Hey mecparts, I gave the changes you described a try but Im still crashing. Im having a little bit of trouble following the changes you made, the last part generating that transcribed variable and returning it is supposed to go in the del function ?

BruceJohnJennerLawso commented 5 years ago

When I ran jasper with the changes you described it crashes with

`***

mecparts commented 5 years ago

No, the last changes are in the transcribe function. Look at the line numbers in the @@ lines of the diff.

mecparts commented 5 years ago

Replace the __init__ function in the PocketSphinxSTT class with this code:

    def __init__(self, vocabulary, hmm_dir="/usr/local/share/" +
                 "pocketsphinx/model/hmm/en_US/hub4wsj_sc_8k"):

        """
        Initiates the pocketsphinx instance.

        Arguments:
            vocabulary -- a PocketsphinxVocabulary instance
            hmm_dir -- the path of the Hidden Markov Model (HMM)
        """

        self._logger = logging.getLogger(__name__)

        # quirky bug where first import doesn't work
        try:
            import pocketsphinx as ps
        except:
            import pocketsphinx as ps

        with tempfile.NamedTemporaryFile(prefix='psdecoder_',
                                         suffix='.log', delete=False) as f:
            self._logfile = f.name

        self._logger.debug("Initializing PocketSphinx Decoder with hmm_dir " +
                           "'%s'", hmm_dir)

        # Perform some checks on the hmm_dir so that we can display more
        # meaningful error messages if neccessary
        if not os.path.exists(hmm_dir):
            msg = ("hmm_dir '%s' does not exist! Please make sure that you " +
                   "have set the correct hmm_dir in your profile.") % hmm_dir
            self._logger.error(msg)
            raise RuntimeError(msg)
        # Lets check if all required files are there. Refer to:
        # http://cmusphinx.sourceforge.net/wiki/acousticmodelformat
        # for details
        missing_hmm_files = []
        for fname in ('mdef', 'feat.params', 'means', 'noisedict',
                      'transition_matrices', 'variances'):
            if not os.path.exists(os.path.join(hmm_dir, fname)):
                missing_hmm_files.append(fname)
        mixweights = os.path.exists(os.path.join(hmm_dir, 'mixture_weights'))
        sendump = os.path.exists(os.path.join(hmm_dir, 'sendump'))
        if not mixweights and not sendump:
            # We only need mixture_weights OR sendump
            missing_hmm_files.append('mixture_weights or sendump')
        if missing_hmm_files:
            self._logger.warning("hmm_dir '%s' is missing files: %s. Please " +
                                 "make sure that you have set the correct " +
                                 "hmm_dir in your profile.",
                                 hmm_dir, ', '.join(missing_hmm_files))

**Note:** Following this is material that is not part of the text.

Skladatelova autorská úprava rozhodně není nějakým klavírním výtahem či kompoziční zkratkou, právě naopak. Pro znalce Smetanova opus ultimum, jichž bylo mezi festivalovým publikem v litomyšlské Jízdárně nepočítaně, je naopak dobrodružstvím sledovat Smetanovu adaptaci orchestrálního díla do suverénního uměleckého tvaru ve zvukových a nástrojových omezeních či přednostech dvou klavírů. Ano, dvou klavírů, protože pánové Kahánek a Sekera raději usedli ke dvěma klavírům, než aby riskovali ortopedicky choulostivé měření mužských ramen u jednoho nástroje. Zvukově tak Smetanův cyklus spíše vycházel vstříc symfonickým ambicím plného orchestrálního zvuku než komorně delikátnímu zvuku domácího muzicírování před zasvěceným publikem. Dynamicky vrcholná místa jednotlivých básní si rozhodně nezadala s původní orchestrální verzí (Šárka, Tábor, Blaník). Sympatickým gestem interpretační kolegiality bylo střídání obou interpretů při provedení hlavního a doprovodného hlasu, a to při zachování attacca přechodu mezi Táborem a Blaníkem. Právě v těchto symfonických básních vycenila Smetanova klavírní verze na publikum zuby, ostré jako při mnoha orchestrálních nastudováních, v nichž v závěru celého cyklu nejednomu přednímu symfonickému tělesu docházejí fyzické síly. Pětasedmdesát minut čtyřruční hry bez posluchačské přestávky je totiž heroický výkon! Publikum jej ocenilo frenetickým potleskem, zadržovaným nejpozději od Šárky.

        #self._decoder = ps.Decoder(hmm=hmm_dir, logfn=self._logfile,
        #                           **vocabulary.decoder_kwargs)
        psConfig = ps.Decoder.default_config()
        psConfig.set_string('-hmm', hmm_dir)

        psConfig.set_string('-lm', vocabulary.decoder_kwargs['lm'])
        psConfig.set_string('-dict', vocabulary.decoder_kwargs['dict'])
        self._decoder = ps.Decoder(psConfig)

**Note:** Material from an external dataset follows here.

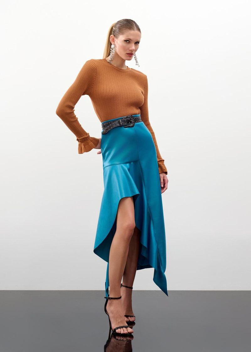 Cheia de personalidade, essa saia mídi em malha encorpada é marcada pelo jabot na frente, que adiciona movimento ao design. Os recortes valorizam a silhueta, garantindo conforto e elegância. Em laguna blue, a peça se torna leve e moderna, perfeita para eventos casuais. Combine com sandálias de salto bloco para um visual despojado e chic.

And the transcribe function in the same class with this:

    def transcribe(self, fp):
        """
        Performs STT, transcribing an audio file and returning the result.

        Arguments:
            fp -- a file object containing audio data
        """

        fp.seek(44)

        # FIXME: Can't use the Decoder.decode_raw() here, because
        # pocketsphinx segfaults with tempfile.SpooledTemporaryFile()
        data = fp.read()
        self._decoder.start_utt()
        self._decoder.process_raw(data, False, True)
        self._decoder.end_utt()

        #result = self._decoder.get_hyp()
        result = self._decoder.hyp()
        with open(self._logfile, 'r+') as f:
        #    for line in f:
        #        self._logger.debug(line.strip())
            f.truncate()

        #transcribed = [result[0]]
        if result is None:
            transcribed = []
        else:
            transcribed = [result[0]]
        self._logger.info('Transcribed: %r', transcribed)
        return transcribed

and see what that gets you. I can't guarantee it will work error free first time; I've modified the code I'm working with to return multiple hypotheses from PocketSphinx and to work with Mycroft's adapt.intent parser, among other things, so I can't really test it easily anymore. I like the fact that the adapt parser can assign probabilities to each hypothesis from PocketSphinx and that I can use those probabilities in the brain code to pick the best hypothesis to select a module (rather than Jasper's "use the first module that matches" approach).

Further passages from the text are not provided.